**EXERCISE BRIEF:** Each line between the one holding "KINGS OF PARTHIA." and the end of the material below, both included, is to be transcribed word for word, with pictures left out.

++++++++++

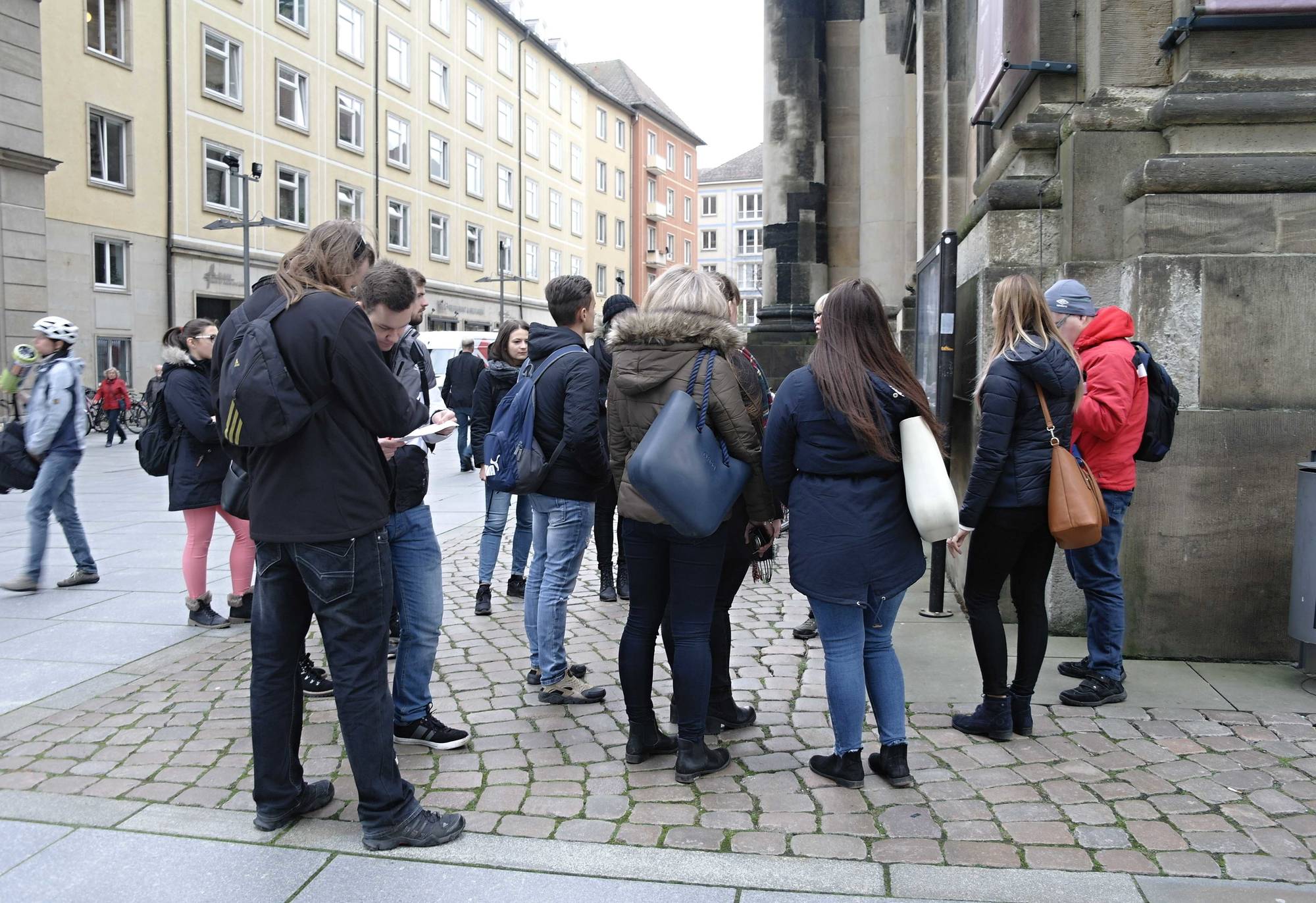 Na počátku prohlídky města stojí Neue Rathaus, Nová radnice. Zde studenty čekal mimo jiné také první úkol na pracovním listu, který si pro studenty dopředu připravila paní učitelka. Úkoly studenty provázely po celou dobu prohlídky města.
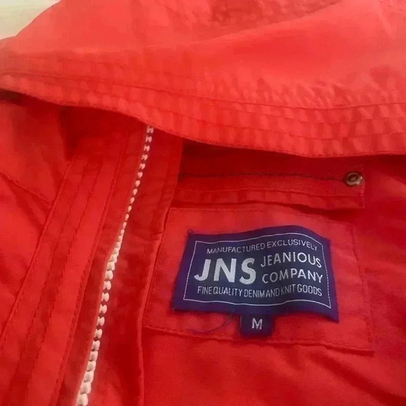 Jeanious Y2K Vintage Hooded Jacket Size Medium Dark Orange Racing Stripe Patched
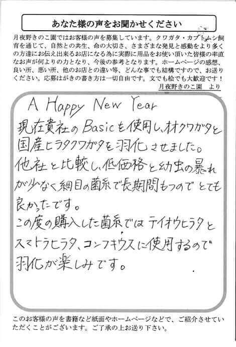 徳島県 箕浦 様 生体 X Facebook はてブ LINE Pinterest コピー 2016.01.12 A Happy New Year 現在貴社のBasicを使用し、オオクワガタと 国産ヒラタクワガタを羽化させました。 他社と比較し、低価格と幼虫の暴れ が少なく細目の菌糸で長時間もつのでとても 良かったです。 この度の購入した菌糸ではテイオウヒラタと スマトラヒラタ、コンフキウスに使用するので 羽化が楽しみです。
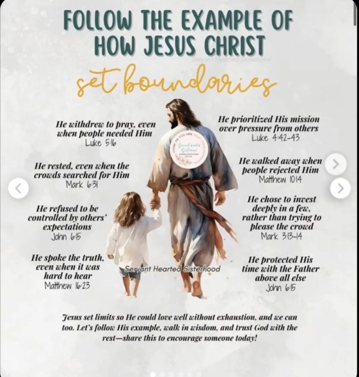 Jesus established clear, intentional boundaries during his ministry to prioritize his mission, rest, and communion with God over fulfilling every demand. He frequently withdrew from crowds to pray, said no to inappropriate requests, and protected his time and emotional energy to remain effective in his calling.
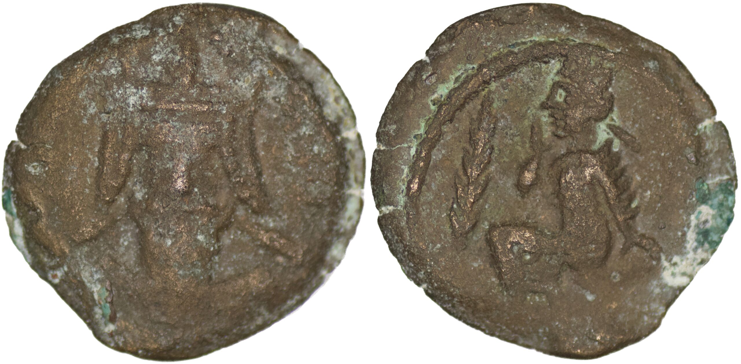 KINGS OF PARTHIA. Pakoros II (Circa AD 78-105). AE Dichalkon (3.43g/ 14mm), Seleukeia on the Tigris. Dated SE 394 (AD 82/3).Diademed and draped bust left; ΔPT (date) before./ Turreted bust of Tyche right; A to right. Sellwood 75.8. Very fine
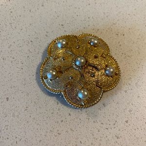 Brooch in gold tone with pearls shaped like a poppy. Can be worn as a necklace also. Very pretty 2 1/2” in diameter. Unknown brand. Non smoker no pets. Mailed thru the USPS
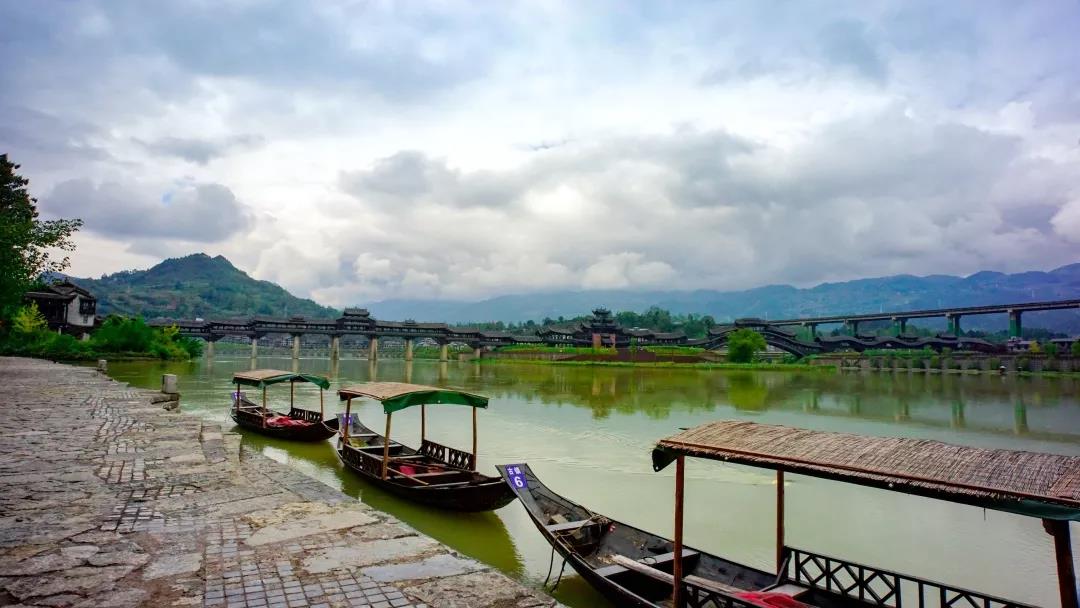 濯水古鎮(zhèn)的風(fēng)雨橋橫跨于阿蓬江和蒲花河上,長658米,為世界第一風(fēng)雨廊橋,分為橋、塔、亭三部分。風(fēng)雨廊橋橋身為純木制結(jié)構(gòu),是濯水古鎮(zhèn)必看風(fēng)景。
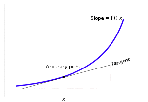 This gives an exact value for the slope of a straight line. If the graph of the function is not a straight line, however, then the change in y divided by the change in x varies. Derivatives give an exact meaning to the notion of change in output with respect to change in input. To be concrete, let f be a function, and fix a point a in the domain of f. (a, f(a)) is a point on the graph of the function. If h is a number close to zero, then a + h is a number close to a. Therefore, (a + h, f(a + h)) is close to (a, f(a)). The slope between these two points is

++++++++++

**EXERCISE RESULT:**
 KINGS OF PARTHIA. Pakoros II (Circa AD 78-105). AE Dichalkon (3.43g/ 14mm), Seleukeia on the Tigris. Dated SE 394 (AD 82/3).Diademed and draped bust left; ΔPT (date) before./ Turreted bust of Tyche right; A to right. Sellwood 75.8. Very fine
 Brooch in gold tone with pearls shaped like a poppy. Can be worn as a necklace also. Very pretty 2 1/2” in diameter. Unknown brand. Non smoker no pets. Mailed thru the USPS
 濯水古鎮(zhèn)的風(fēng)雨橋橫跨于阿蓬江和蒲花河上,長658米,為世界第一風(fēng)雨廊橋,分為橋、塔、亭三部分。風(fēng)雨廊橋橋身為純木制結(jié)構(gòu),是濯水古鎮(zhèn)必看風(fēng)景。
 This gives an exact value for the slope of a straight line. If the graph of the function is not a straight line, however, then the change in y divided by the change in x varies. Derivatives give an exact meaning to the notion of change in output with respect to change in input. To be concrete, let f be a function, and fix a point a in the domain of f. (a, f(a)) is a point on the graph of the function. If h is a number close to zero, then a + h is a number close to a. Therefore, (a + h, f(a + h)) is close to (a, f(a)). The slope between these two points is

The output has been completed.